Think of it like this :The original whole sector now has its centre missing.
The original and the removed sector are similar shapes with a line ratio of 1:2
So the area of the original sector must be four times the area of the removed sector (that's just squaring the line ratio) which means that the curved surface area of the lower remaining part of the cone is $\frac{3}{4}$ of the sector already calculated.
And that comes to 177 sq.units (3 sf)
Dean from Cheadle & Marple College used reasoning like this to get a general formula for the area of a whole cone's curved surface :
Starting with a cone whose base radius is r and slope length is s.

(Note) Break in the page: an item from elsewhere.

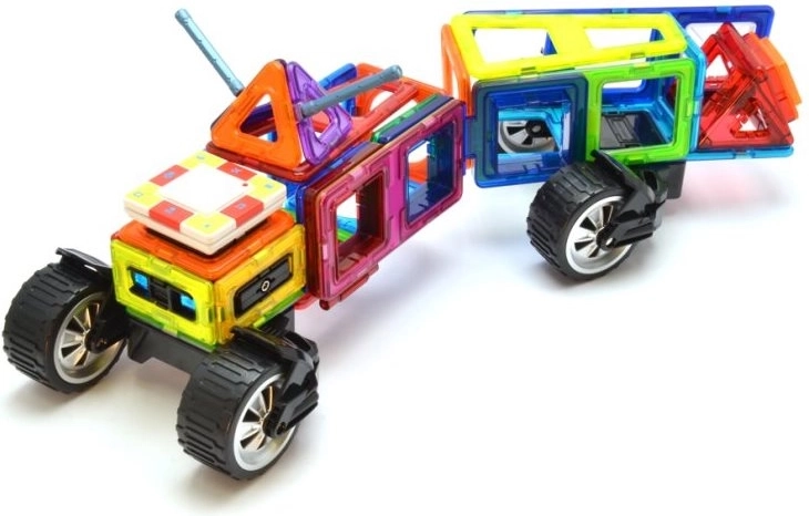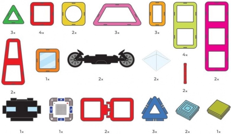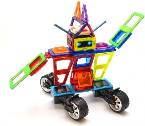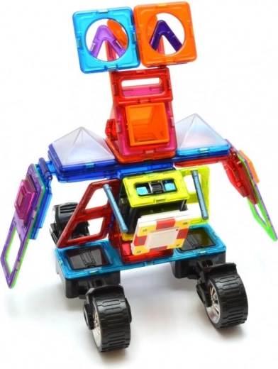 Boxen er ideel til at bygge kørende robotter med frit justerbare arme, men også motorcykler, trucks og trailere. Tre trekantede forlængere og et rigt sæt rektangler hjælper med at skabe stærke rammer i både højde og længde. Børn afprøver magnetiske forbindelser, udvikler fantasi, rumlig forståelse og finmotorik. Delene er sikre, robuste og kompatible med GEOMAG.

The curved surface is a sector from a circle with radius s.
The sector fraction is found by comparing the cone base circumference with the circumference of a circle whose radius is s.
So the fraction is r/s ,the whole area was $\pi$ $s^2$ and that simplifies to $\pi$sr for a cone's surface area not including the base.
Dean then produced a general formula for the area of a frustum's curved surface.
R and r are the radii top and bottom for the frustum and s is the slope length.
This involves some fiddling with the algebra but it's a nice result when you have done it.
What's needed is the difference in surface area between the two cones.
From the diagram you can see that a length $s_2$ will be involved which isn't very convenient because $s_2$ isn't a length you can measure somewhere on the frustum.
However if you notice the similar triangles present in the diagram you can find a connection between $s_1$, $s_2$, r and R
And from that $s_2$ can be expressed as a formula using only $s_1$, r and R
This formula can replace any $s_2$ in the area expression and when you tidy things up (not that quick to do) it reduces to the pleasantly simple $\pi$ s(r+R)
Next Dean explained that when the apple (sphere) is approximated to a stack of frustums (he used five) you can find all the lengths you need so that you can use that formula for the area of the curved surface on each frustum in turn, then for m a total.
If you know how thick you've chosen the frustums to be you know the height.
The radius of the sphere you know and so applying Pythagoras' Theorem it is possible to find any radii lengths required.
Using Pythagoras also to find the slope lengths each time by using the thickness of the frustum and the difference between the top and bottom radii.
Here's part of Dean's spreadsheet and his comment on the result.
Thus the amount of peel of an apple of diameter 8cm is 197.899 (3sf) after doubling the hemisphere result from the sheet.
If this answer is compared to the result from using the equation for surface area of a sphere which is 4 $\pi$ $r^2$ and gives 201.062 . . . it can be seen that there is a percentage error of 1.57%.
If 50 frustums are used the percentage error drops to 0.02%.
Which leaves us pleasantly curious about that formula Dean found which calculates the surface area for a sphere.
If I know the surface area for a sphere of unit radius I can say that the surface area for a sphere of radius r would be $r^2$ times as much so it's the right kind of formula. I wonder if we can verify that 4$\pi$ multiplier.
Continuing that line of thinking. If I know the volume for a sphere of unit radius I can say that the volume for a sphere of radius r would be $r^3$ times as much. That tells me what type of formula to expect now perhaps I can use that spreadsheet technique to find the volume of a sphere with unit radius. I wonder if it's a nice number of $\pi$ like the surface area?
Teachers' Resources
This is a nice activity to take slowly and build up understanding in each part.
It also makes a nice lead in towards maths at the next level, especially if the spreadsheet is used to improve accuracy as each fustum height becomes smaller without limit.